Dr Simon Mitchell (PhD)

Senior Lecturer in Systems Biology of Cancer Research
E: S.A.Mitchell@bsms.ac.uk
Location: Medical Research Building, University of Sussex, Falmer BN1 9PX

Areas of expertise: Systems Biology

Research areas: DLBCL and other haematological malignancies. Computational and mathematical modelling. Immunity and inflammation. Cell signalling and cell fate.

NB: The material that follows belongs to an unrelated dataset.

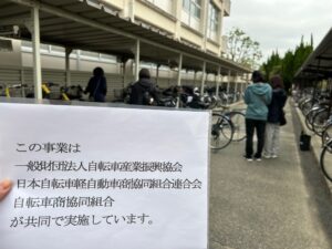 三田市自転車商業組合から6名来ていただき、組合方の指示のもと、育友会生徒指導部が主体となり国際理解推進部、学年部、本部も参加して6班に分かれて512台の自転車を点検しました。
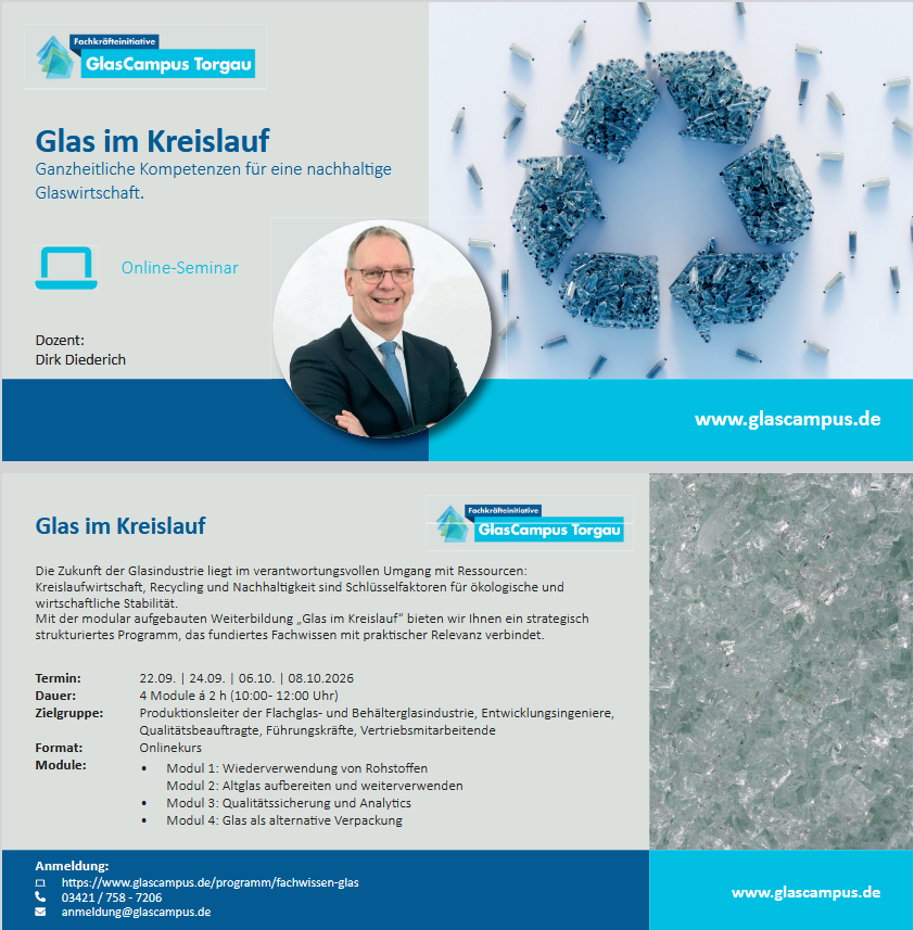 ab 22. September 2026 biete ich am GlasCampus Torgau eine Weiterbildung zum Thema GLAS IM KREISLAUF an.

Personal website: www.mitchell.science 

Twitter handle: @SiFTW

Biography

Based on his training in Computer Science and Mathematics, Simon was awarded a Biotechnology and Biological Sciences Research Council (BBSRC) Studentship to pursue a Systems Biology PhD from the University of Manchester. Following his PhD in 2013, and a brief visiting researcher position at the University of Warwick, Simon undertook postdoctoral training in Prof Alexander Hoffmann’s lab at UCLA (USA). He was awarded a UCLA Collaboratory Fellowship to pursue collaborative research and graduate-level teaching for four consecutive years. Simon has published numerous first-author papers (including in Immunity, PNAS and PLOS Computational Biology), multiple reviews, contributed a chapter describing computational modeling approaches to textbooks of laboratory techniques, and contributed to multiple successfully-funded NIH grants. Driven to use systems biology to translate findings from molecular biology to clinical insight, Simon joined BSMS in 2019. Since then, Simon has obtained a Leukaemia UK John Goldman fellowship and a UKRI Future Leaders Fellowship. He is also a member of the NCRI Lymphoma Science Group.

Research

Simon’s primary research focus is in understanding of how intracellular, molecular signalling networks control immune cell fate, and how misregulation of these molecular networks lead to haematological malignancies. His combination of immunology and haematological training lead to a particular interest in B-cell lymphomas. 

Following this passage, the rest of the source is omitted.